About this exercise >> In your copy, the records appear word for word and the pictures do not appear at all.

== == ==

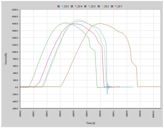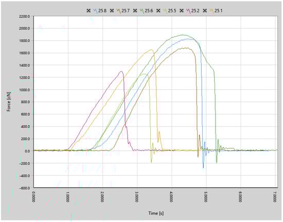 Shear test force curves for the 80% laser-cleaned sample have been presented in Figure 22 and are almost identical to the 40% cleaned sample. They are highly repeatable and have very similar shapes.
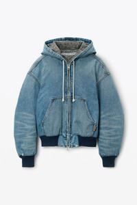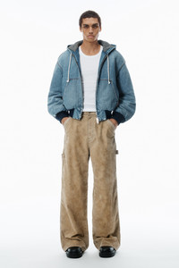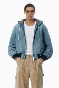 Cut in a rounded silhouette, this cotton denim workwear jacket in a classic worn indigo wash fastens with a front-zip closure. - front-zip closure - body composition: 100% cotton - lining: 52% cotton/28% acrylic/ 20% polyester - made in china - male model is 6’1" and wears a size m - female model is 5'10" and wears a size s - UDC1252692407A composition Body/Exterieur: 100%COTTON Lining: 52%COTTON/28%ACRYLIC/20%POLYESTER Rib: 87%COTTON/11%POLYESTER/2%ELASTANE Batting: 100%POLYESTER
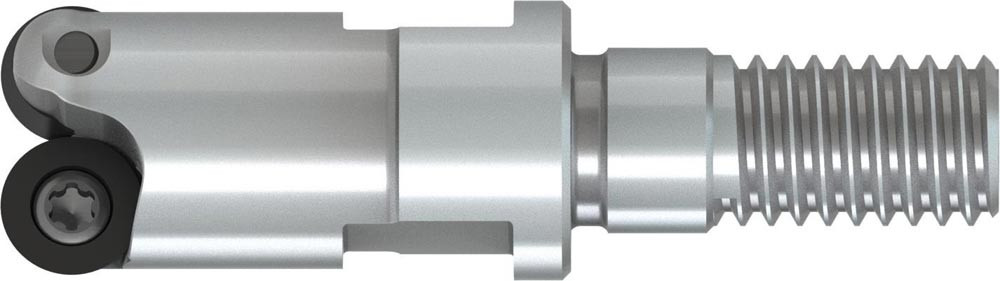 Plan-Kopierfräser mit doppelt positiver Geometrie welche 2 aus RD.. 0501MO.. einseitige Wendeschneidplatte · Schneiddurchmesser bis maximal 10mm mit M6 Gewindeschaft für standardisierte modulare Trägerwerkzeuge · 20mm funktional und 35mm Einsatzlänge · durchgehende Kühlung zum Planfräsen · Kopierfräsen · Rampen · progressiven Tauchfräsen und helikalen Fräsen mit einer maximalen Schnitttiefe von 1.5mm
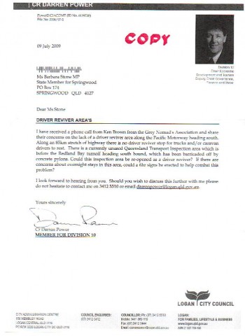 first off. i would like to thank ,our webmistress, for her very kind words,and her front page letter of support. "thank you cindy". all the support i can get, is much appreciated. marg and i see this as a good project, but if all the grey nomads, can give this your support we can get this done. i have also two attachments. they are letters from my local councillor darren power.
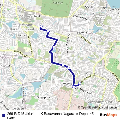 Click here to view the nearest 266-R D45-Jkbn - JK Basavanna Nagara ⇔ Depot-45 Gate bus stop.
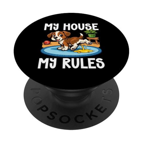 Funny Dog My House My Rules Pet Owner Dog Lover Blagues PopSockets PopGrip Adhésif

== == ==

Response >>
 Shear test force curves for the 80% laser-cleaned sample have been presented in Figure 22 and are almost identical to the 40% cleaned sample. They are highly repeatable and have very similar shapes.
 Cut in a rounded silhouette, this cotton denim workwear jacket in a classic worn indigo wash fastens with a front-zip closure. - front-zip closure - body composition: 100% cotton - lining: 52% cotton/28% acrylic/ 20% polyester - made in china - male model is 6’1" and wears a size m - female model is 5'10" and wears a size s - UDC1252692407A composition Body/Exterieur: 100%COTTON Lining: 52%COTTON/28%ACRYLIC/20%POLYESTER Rib: 87%COTTON/11%POLYESTER/2%ELASTANE Batting: 100%POLYESTER
 Plan-Kopierfräser mit doppelt positiver Geometrie welche 2 aus RD.. 0501MO.. einseitige Wendeschneidplatte · Schneiddurchmesser bis maximal 10mm mit M6 Gewindeschaft für standardisierte modulare Trägerwerkzeuge · 20mm funktional und 35mm Einsatzlänge · durchgehende Kühlung zum Planfräsen · Kopierfräsen · Rampen · progressiven Tauchfräsen und helikalen Fräsen mit einer maximalen Schnitttiefe von 1.5mm
 first off. i would like to thank ,our webmistress, for her very kind words,and her front page letter of support. "thank you cindy". all the support i can get, is much appreciated. marg and i see this as a good project, but if all the grey nomads, can give this your support we can get this done. i have also two attachments. they are letters from my local councillor darren power.
 Click here to view the nearest 266-R D45-Jkbn - JK Basavanna Nagara ⇔ Depot-45 Gate bus stop.
 Funny Dog My House My Rules Pet Owner Dog Lover Blagues PopSockets PopGrip Adhésif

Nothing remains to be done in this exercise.